Optimizing Subroutines in Assembly Language by Agner Fog - HTML preview

/ Home / Computer Sciences / Optimizing Subroutines in Assembly Language

PLEASE NOTE: This is an HTML preview only and some elements such as links or page numbers may be incorrect.
Download the book in PDF, ePub, Kindle for a complete version.

2 Before you start

2.1 Things to decide before you start programming

Before you start to program in assembly, you have to think about why you want to use assembly language, which part of your program you need to make in assembly, and what programming method to use. If you haven't made your development strategy clear, then you will soon find yourself wasting time optimizing the wrong parts of the program, doing things in assembly that could have been done in C++, attempting to optimize things that cannot be optimized further, making spaghetti code that is difficult to maintain, and making code that is full or errors and difficult to debug.

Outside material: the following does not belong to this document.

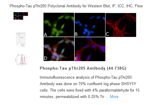 The antiserum was produced against a chemically synthesized phosphopeptide derived from the region of human Tau that contains threonine 205. The sequence is conserved in mouse and rat.

Here is a checklist of things to consider before you start programming:

Never make the whole program in assembly. That is a waste of time. Assembly code should be used only where speed is critical and where a significant improvement in speed can be obtained. Most of the program should be made in C or C++. These are the programming languages that are most easily combined with assembly code.
If the purpose of using assembly is to make system code or use special instructions that are not available in standard C++ then you should isolate the part of the program that needs these instructions in a separate function or class with a well defined functionality. Use intrinsic functions (see p. 34) if possible.
If the purpose of using assembly is to optimize for speed then you have to identify the part of the program that consumes the most CPU time, possibly with the use of a profiler. Check if the bottleneck is file access, memory access, CPU instructions, or something else, as described in manual 1: "Optimizing software in C++". Isolate the critical part of the program into a function or class with a well-defined functionality.
If the purpose of using assembly is to make a function library then you should clearly define the functionality of the library. Decide whether to make a function library or a class library. Decide whether to use static linking (.lib in Windows, .a in Linux) or dynamic linking (.dll in Windows, .so in Linux). Static linking is usually more efficient, but dynamic linking may be necessary if the library is called from languages such as C# and Visual Basic. You may possibly make both a static and a dynamic link version of the library.
If the purpose of using assembly is to optimize an embedded application for size or speed then find a development tool that supports both C/C++ and assembly and make as much as possible in C or C++.
Decide if the code is reusable or application-specific. Spending time on careful optimization is more justified if the code is reusable. A reusable code is most appropriately implemented as a function library or class library.
Decide if the code should support multithreading. A multithreading application can take advantage of microprocessors with multiple cores. Any data that must be preserved from one function call to the next on a per-thread basis should be stored in a C++ class or a per-thread buffer supplied by the calling program.
Decide if portability is important for your application. Should the application work in both Windows, Linux and Intel-based Mac OS? Should it work in both 32 bit and 64 bit mode? Should it work on non-x86 platforms? This is important for the choice of compiler, assembler and programming method.
Decide if your application should work on old microprocessors. If so, then you may make one version for microprocessors with, for example, the SSE2 instruction set, and another version which is compatible with old microprocessors. You may even make several versions, each optimized for a particular CPU. It is recommended to make automatic CPU dispatching (see page 139).
There are three assembly programming methods to choose between: (1) Use intrinsic functions and vector classes in a C++ compiler. (2) Use inline assembly in a C++ compiler. (3) Use an assembler. These three methods and their relative advantages and disadvantages are described in chapter 5, 6 and 7 respectively (page 34, 36 and 45 respectively).
If you are using an assembler then you have to choose between different syntax dialects. It may be preferred to use an assembler that is compatible with the assembly code that your C++ compiler can generate.
Make your code in C++ first and optimize it as much as you can, using the methods described in manual 1: "Optimizing software in C++". Make the compiler translate the code to assembly. Look at the compiler-generated code and see if there are any possibilities for improvement in the code.
Highly optimized code tends to be very difficult to read and understand for others and even for yourself when you get back to it after some time. In order to make it possible to maintain the code, it is important that you organize it into small logical units (procedures or macros) with a well-defined interface and calling convention and appropriate comments. Decide on a consistent strategy for code comments and documentation.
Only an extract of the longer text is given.